Rodpat pay the Bank $4,064,000 less the value of the properties as at the date of judgment if the Court orders that the properties be transferred to the Bank;

(d) As against Rodpat and Ferguson the

damages pleaded in paragraph 21 less the value as at the date of judgment of the properties transferred to the Bank;

(e) Interest.

Paragraph 6 of the cross-claim is attacked as embarrassing because it pleads an implied contract arising from the relationship of La Rosa and the Bank as customer and banker. This is an ill defined relationship, not given content by any reference back to earlier pleading. If the implied contract is said to arise from some more specifically defined event or contracts e.g. the opening and conduct of the accounts pleaded in para 5, then the plea would not be embarrassing albeit it might give rise to a problematic proposition. I accept however that Rodpat is entitled to know the basis upon which the implied contract is said to have arisen. On the other hand, I do not accept Rodpat's contention that para 7(b) is embarrassing. It can stand in its present form. That is not to say it is without difficulty as a proposition. But as an allegation, it can in my opinion be pleaded to.

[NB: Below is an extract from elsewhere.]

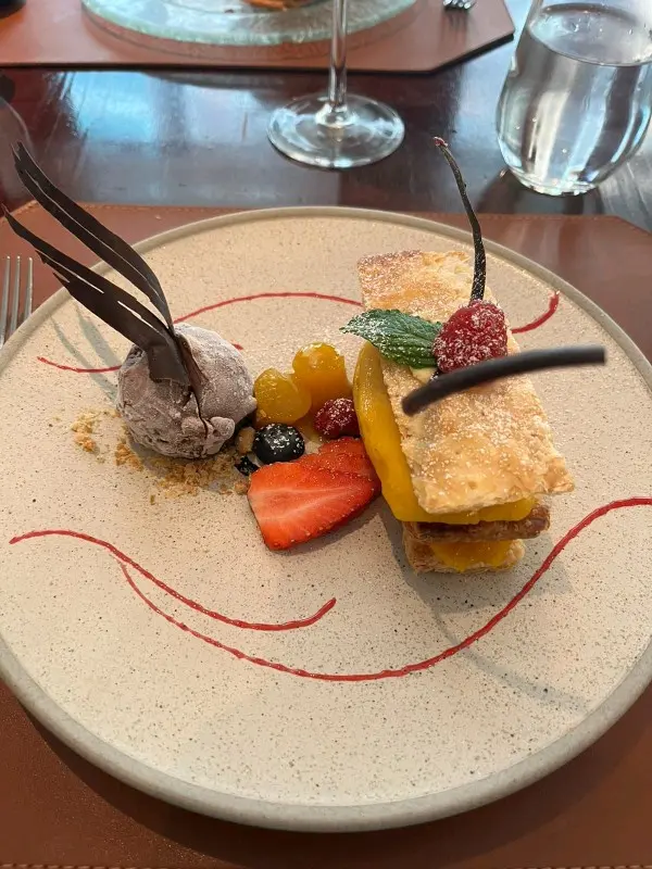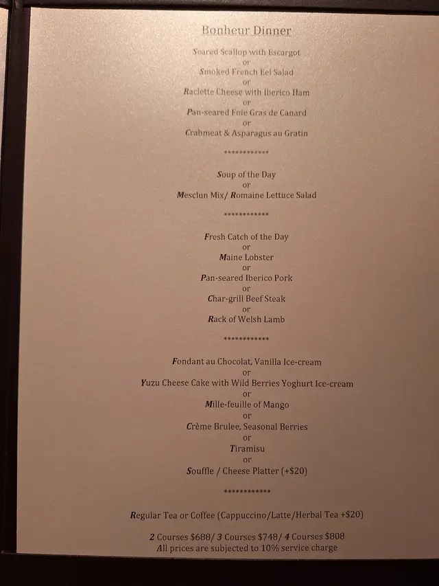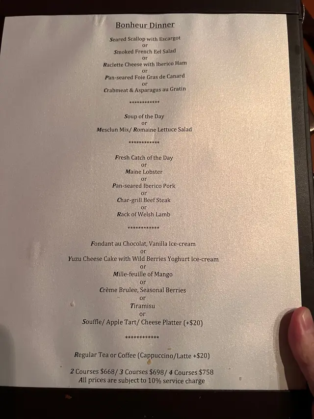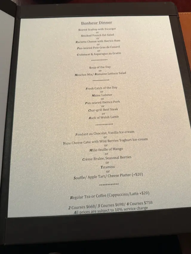 朋友帶我去呢間餐廳,第一次去,樓上小店,我地book左12點,早左十五分鐘到,佢哋本來未開門,好友善咁比我地坐低serve 我哋介紹菜式好清楚,服務十分週到。前菜叫左侍應推介的白酒青口,超級好食,麵包點汁食,主菜叫左魚同豬鞍,朋友之前食過話好味,份量都唔少,魚煎得香脆可口,好有驚喜!朋友之前食過甜品芒果拿破崙,真係好好味。全埸lunch hour 接近full, 12點坐到2:30pm, 好舒服。Business lunch 價錢大約$248-268, 有前菜or 主菜/餐茶/甜品,咁嘅質素真係好值。同埋今時今日搵一間有服務食物質素高嘅餐廳,真心覺得開心😃…查看更多

  1. I have already made observations in relation to paras 9, 12.1(n)(iv) and (o)(iv). Paragraph 20 is clearly embarrassing. It pleads representations which are said to have resulted from Ferguson's conduct, but does not attribute them to any person. It says they were in the form of an "account balance" which showed that the G. and R. Account was not overdrawn beyond its permitted limit. This may be a reference to what appears in certain Bank records but that is not apparent. Indeed, counsel for the Bank suggested in argument that the vice of the conduct was that the provisional or apparent credit arising from the Rodpat cheques meant that certain control systems were not triggered. If the conduct itself is characterised as representational that can be pleaded. If it is merely relied upon to set up a plea of misleading or deceptive conduct for the purposes of the statutory causes of action, no explicit representation need be pleaded so long as the conduct is identified and the way in which the Bank was misled or deceived specified or apparent from the pleadings. Contrary to Rodpat's submission, I would not think it necessary to elaborate the pleading of reliance by the Bank upon the apparent credits by specifying the natural persons who relied upon them. For the reasons I have outlined however, para 20 in its present terms is defective.

  2. The plea in para 29 is attacked because of the use of the undefined term "unauthorised overdraft facility" as an alternative to the contention that the accounts were overdrawn beyond their permitted limits. In my opinion however the meaning of the paragraph is sufficiently clear and it can be pleaded to. And provided that para 20 is appropriately reframed, para 30 should be able to stand.

  3. For these reasons paragraphs 6, 7, 9, 12.1(n)(iv), 12.1(o)(iv), 20, 23 and 30 should be struck out.